Your instructions
Every line below needs to be printed again exactly, without any of its pictures.

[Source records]

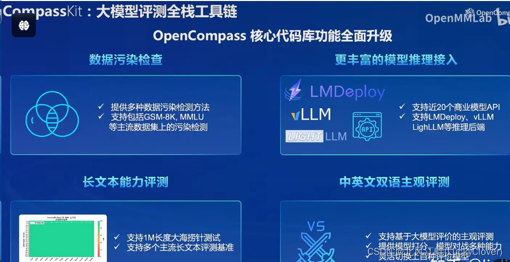 - 数据污染:海量语料不可避免带来评测集污染;需要可靠的污染检测技术;如何设计可动态更新的高质量评测基准。
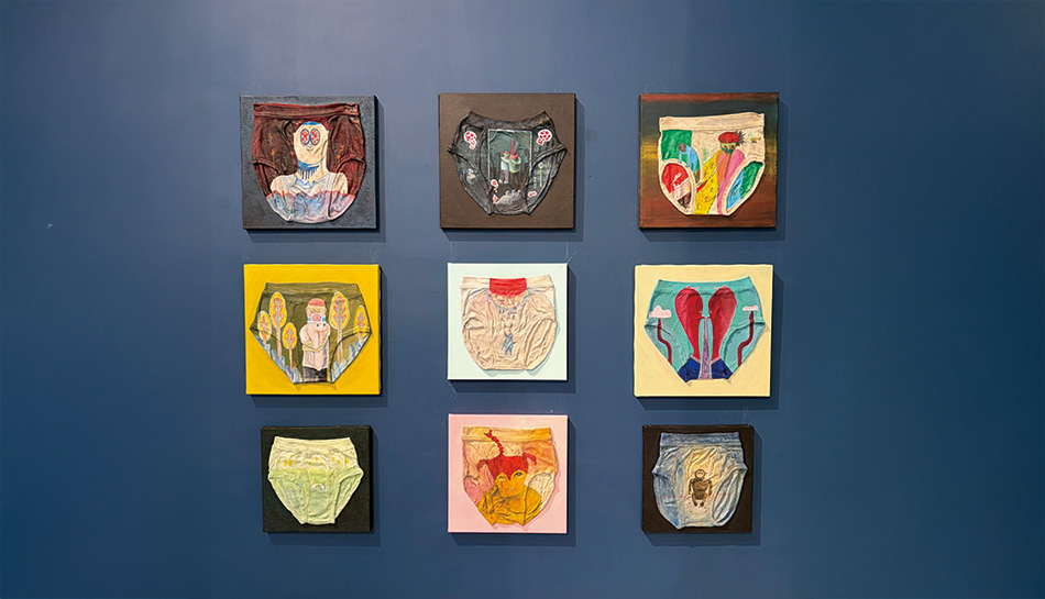 川平遼佑將這樣的身體記憶轉化為創作的媒介,內褲成為承載記憶的畫布,尿液作為夢境留下痕跡的隱喻。他開始以顏料在內褲上進行創作,將童年的恐懼與想像轉譯為可被觀看、感受的圖像。當觀者在凝視這些作品時,既能感受到兒時的不安,也能察覺那種幽默而奇特的生命力。
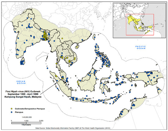 - Walsh, M.G. Mapping the risk of Nipah virus spillover into human populations in South and Southeast Asia. Trans. R. Soc. Trop. Med. Hyg. 2015, 109, 563–571. [Google Scholar] [CrossRef] [PubMed]
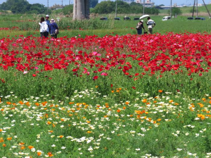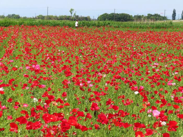 アイキャッチ画像は広大な河川敷に広がる馬室ポピー会場
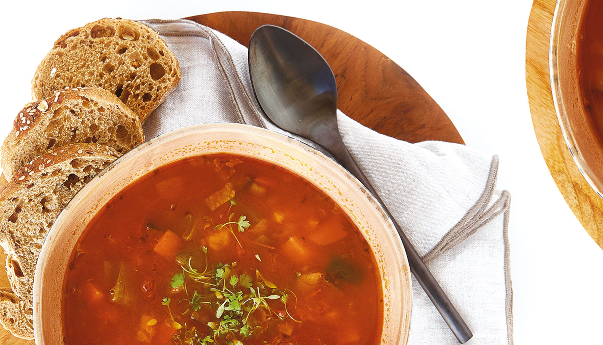 Coloque o pão cortado aos cubos no fundo de cada prato e, adicione os pedaços de corvina e regue com o caldo de tomate. Para finalizar, polvilhe com coentros picados.

Task answer
 - 数据污染:海量语料不可避免带来评测集污染;需要可靠的污染检测技术;如何设计可动态更新的高质量评测基准。
 川平遼佑將這樣的身體記憶轉化為創作的媒介,內褲成為承載記憶的畫布,尿液作為夢境留下痕跡的隱喻。他開始以顏料在內褲上進行創作,將童年的恐懼與想像轉譯為可被觀看、感受的圖像。當觀者在凝視這些作品時,既能感受到兒時的不安,也能察覺那種幽默而奇特的生命力。
 - Walsh, M.G. Mapping the risk of Nipah virus spillover into human populations in South and Southeast Asia. Trans. R. Soc. Trop. Med. Hyg. 2015, 109, 563–571. [Google Scholar] [CrossRef] [PubMed]
 アイキャッチ画像は広大な河川敷に広がる馬室ポピー会場
 Coloque o pão cortado aos cubos no fundo de cada prato e, adicione os pedaços de corvina e regue com o caldo de tomate. Para finalizar, polvilhe com coentros picados.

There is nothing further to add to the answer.